** YOUR ASSIGNMENT **
Print all the data below exactly, without images.

++++ PROVIDED DATA

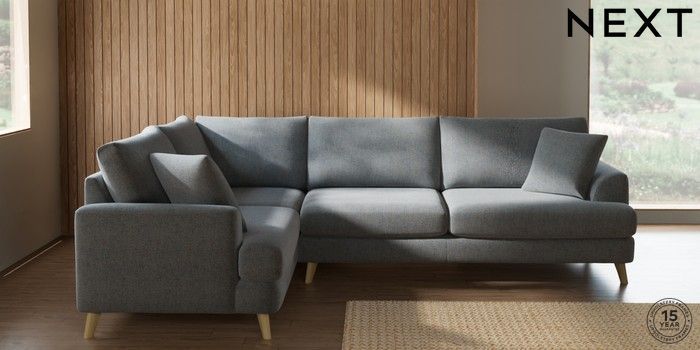 7.2.10 Buy Parker Large Corner Sofa - Left Hand Chunky Marl Mid Grey Low Retro Tapered - Light from the Next UK online shop Click here to use our accessible website
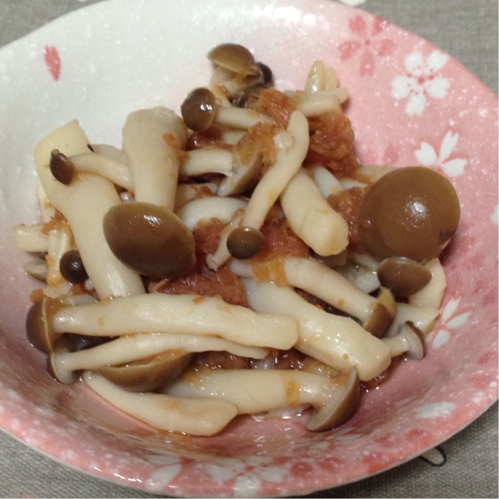 2パック分のしめじを少量の水、だし、梅干し2個、あとほんの少しだけみりんと醤油を入れて10分くらい煮る。そしてかつお節を2パック入れて、少し煮詰めて出来上がり。カツ代さんのレシピでは出汁はなくて酒と醤油での味付けなんだ。私はだしをいれたので、醤油はピュッ!て程度にしたよ。
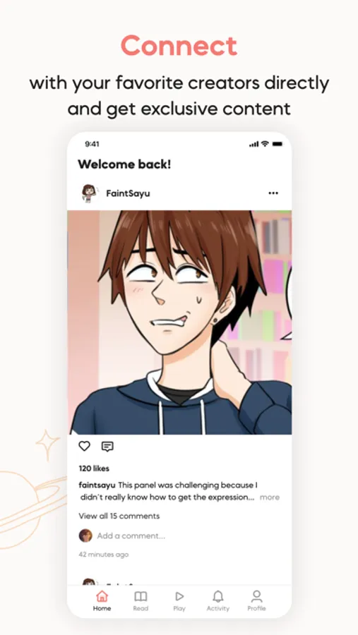 You can easily follow and subscribe to your favorite webcomics. Reading is as easy as scrolling on your phone. You will also be able to like, comment and interact with the creator on your favorite episodes.

++++++++

** EXERCISE OUTPUT **
 7.2.10 Buy Parker Large Corner Sofa - Left Hand Chunky Marl Mid Grey Low Retro Tapered - Light from the Next UK online shop Click here to use our accessible website
 2パック分のしめじを少量の水、だし、梅干し2個、あとほんの少しだけみりんと醤油を入れて10分くらい煮る。そしてかつお節を2パック入れて、少し煮詰めて出来上がり。カツ代さんのレシピでは出汁はなくて酒と醤油での味付けなんだ。私はだしをいれたので、醤油はピュッ!て程度にしたよ。
 You can easily follow and subscribe to your favorite webcomics. Reading is as easy as scrolling on your phone. You will also be able to like, comment and interact with the creator on your favorite episodes.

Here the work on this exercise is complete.